Collection entries
════════════════

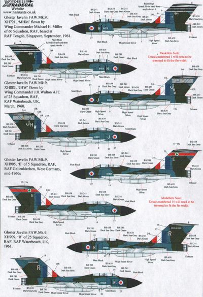 Xtradecal - 1/48 Scale Gloster Javelin Faw Mk.9 Part 1 (5) XH721 Mhm flown by Wing Co Michael Miller 60 Sqn Raf Tengah 1961; XH883 25 Sqn Raf Waterbeach 1960; XH905/E 5 Sqn Raf Geilenkirchen 1960s; XH909/R 25 Sqn Raf Waterbeach 1958; XJ122/E 85 Sqn Raf West Raynham
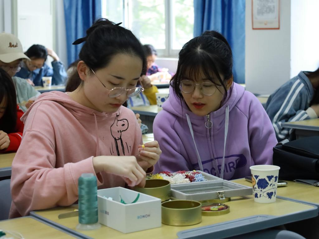 铜线穿珠、花片随后、固定竹体……汉语言文学专业2020级(2)班的学生吴晓作为指导人,首先向大家演示了制作发簪的最简步骤。学生们被她吸引,纷纷围在她身边观察学习、互相讨论,商量着自己的发簪制作想法,参与热情高涨。
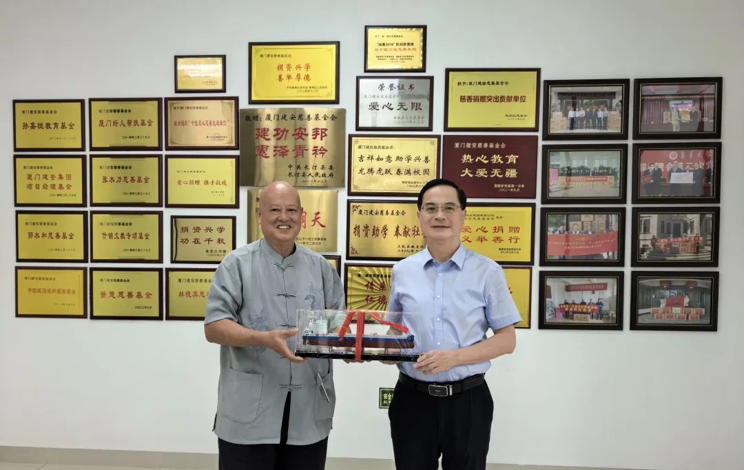 24日下午,集美大學(xué)黨委書(shū)記邱偉杰、校辦主任黃海宏、校董辦主任呂嫻一行蒞臨廈門建安慈善基金會(huì),拜訪校董孫吉龍先生。孫吉龍先生對(duì)邱書(shū)記一行的到來(lái)表示熱烈歡迎。
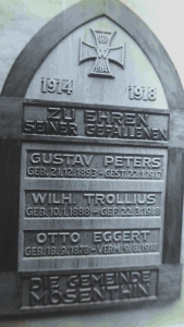 Tafel: 1914 1918 Zu Ehren seiner Gefallenen (Namen) Die Gemeinde Mösenthin
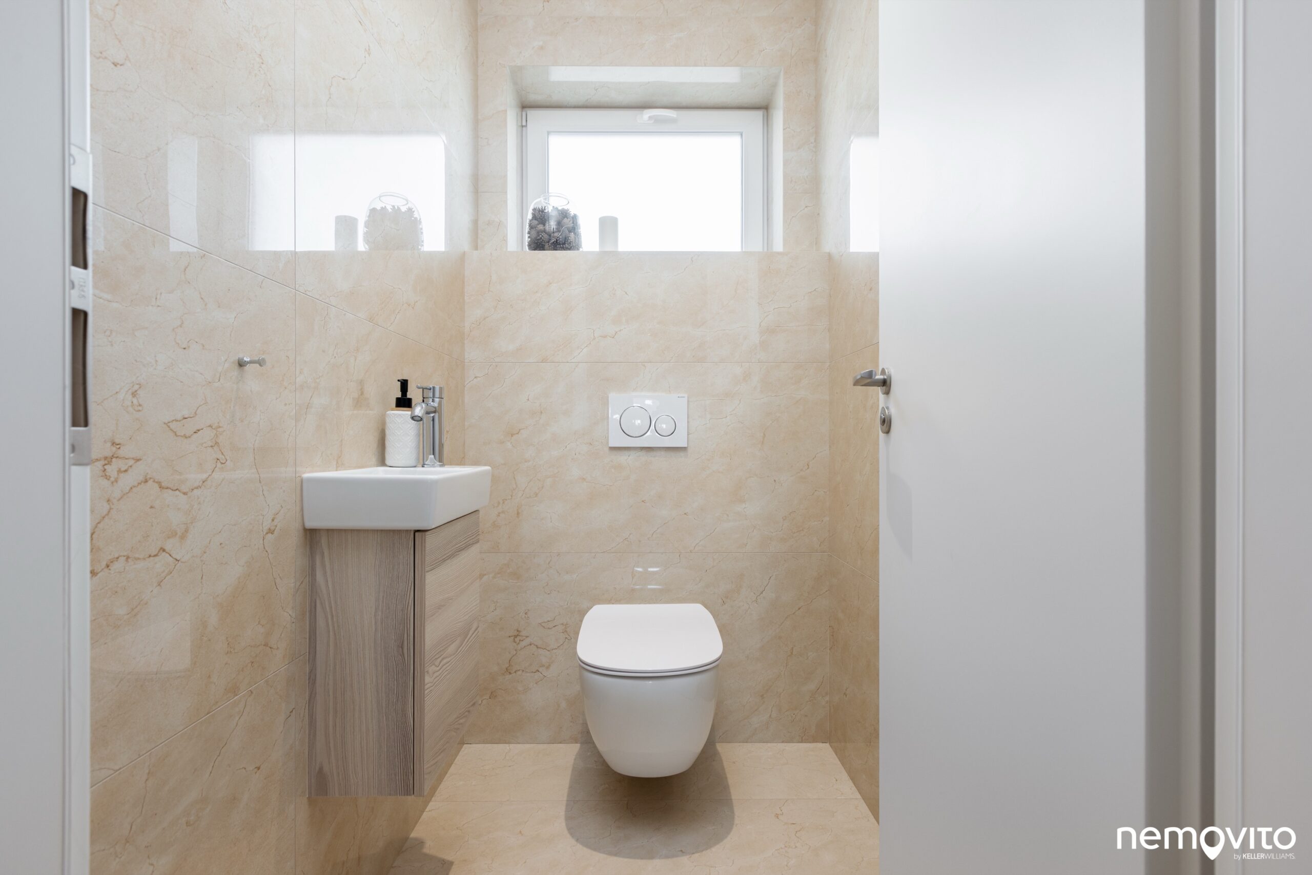 Velkoformátová dlažba a tlumené tóny. Obložení až po strop, všechno perfektně sladěné. Takhle vypadá moderní sociální zázemí rodinného domu. WC je oddělené a samozřejmě s umývátkem.
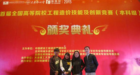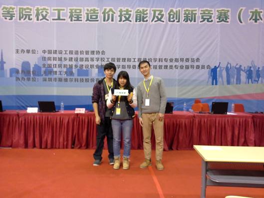工程管理专业投资与造价方向123班的邓佩仪、林旭聪、丁桂湘三位同学由庞永师院长和李军红老师带队代表我校参加了由中国建设工程造价管理协会、住房和城乡建设部高等学校工程管理和工程造价学科专业指导委员会、全国住房和城乡建设职业教育教学指导委员会主办的“首届全国高等院校工程造价技能及创新竞赛”本科组大赛,他们凭借扎实的专业功底,良好的团队合作精神,学院的大力支持和老师悉心的指导,从来自全国74所高等院校中脱颖而出,取得了本次竞赛团体二等奖,一个单项一等奖的好成绩,参赛的三名队员由于本次竞赛的优异成绩同时免试获得中国建设工程造价管理协会颁发的相关专业资格证书,两位带队老师获优秀指导老师称号。
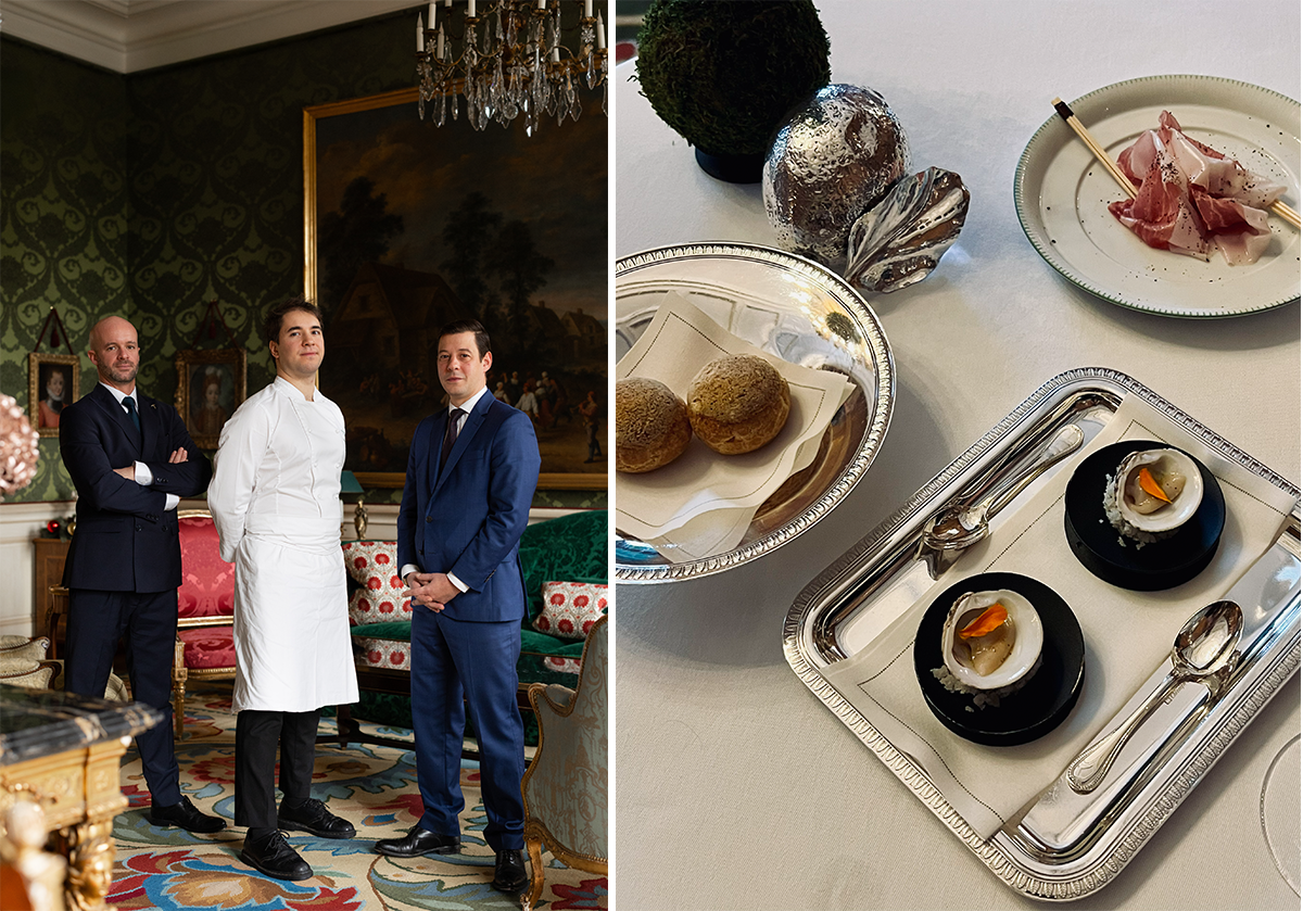 左:レストラン上階のグランドサロンにてシェフのアンドレア・カパソ(中央)、ソムリエのシリル・ボサール(左)、メートル・ドテルのシャルル・ウエイランド。 右:食事の始まりは、海と陸のアミューズ・ブーシュ。photography: 左©Maki Monokian、右 Mariko Omura
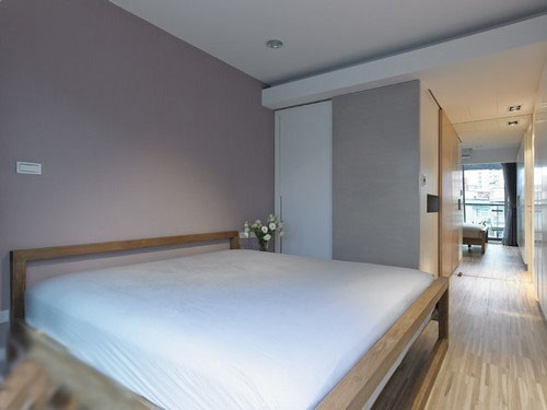 主臥房延續(xù)公共空間的簡(jiǎn)約靜白,素雅的主臥室連床框都呈現(xiàn)簡(jiǎn)約無(wú)印風(fēng),僅有咖啡磚色的墻面,淺淺的營(yíng)造臥眠區(qū)該有的柔和溫暖。

════════════════

- [WHAT THE TASK REQUIRES] Once the line with "24日下午,集美大學(xué" has been found above, output that line and every later line exactly, stopping after the line with "Velkoformátová dlažba a", and omit the pictures.

- [ANSWER FOR THIS EXERCISE]
 24日下午,集美大學(xué)黨委書(shū)記邱偉杰、校辦主任黃海宏、校董辦主任呂嫻一行蒞臨廈門建安慈善基金會(huì),拜訪校董孫吉龍先生。孫吉龍先生對(duì)邱書(shū)記一行的到來(lái)表示熱烈歡迎。
 Tafel: 1914 1918 Zu Ehren seiner Gefallenen (Namen) Die Gemeinde Mösenthin
 Velkoformátová dlažba a tlumené tóny. Obložení až po strop, všechno perfektně sladěné. Takhle vypadá moderní sociální zázemí rodinného domu. WC je oddělené a samozřejmě s umývátkem.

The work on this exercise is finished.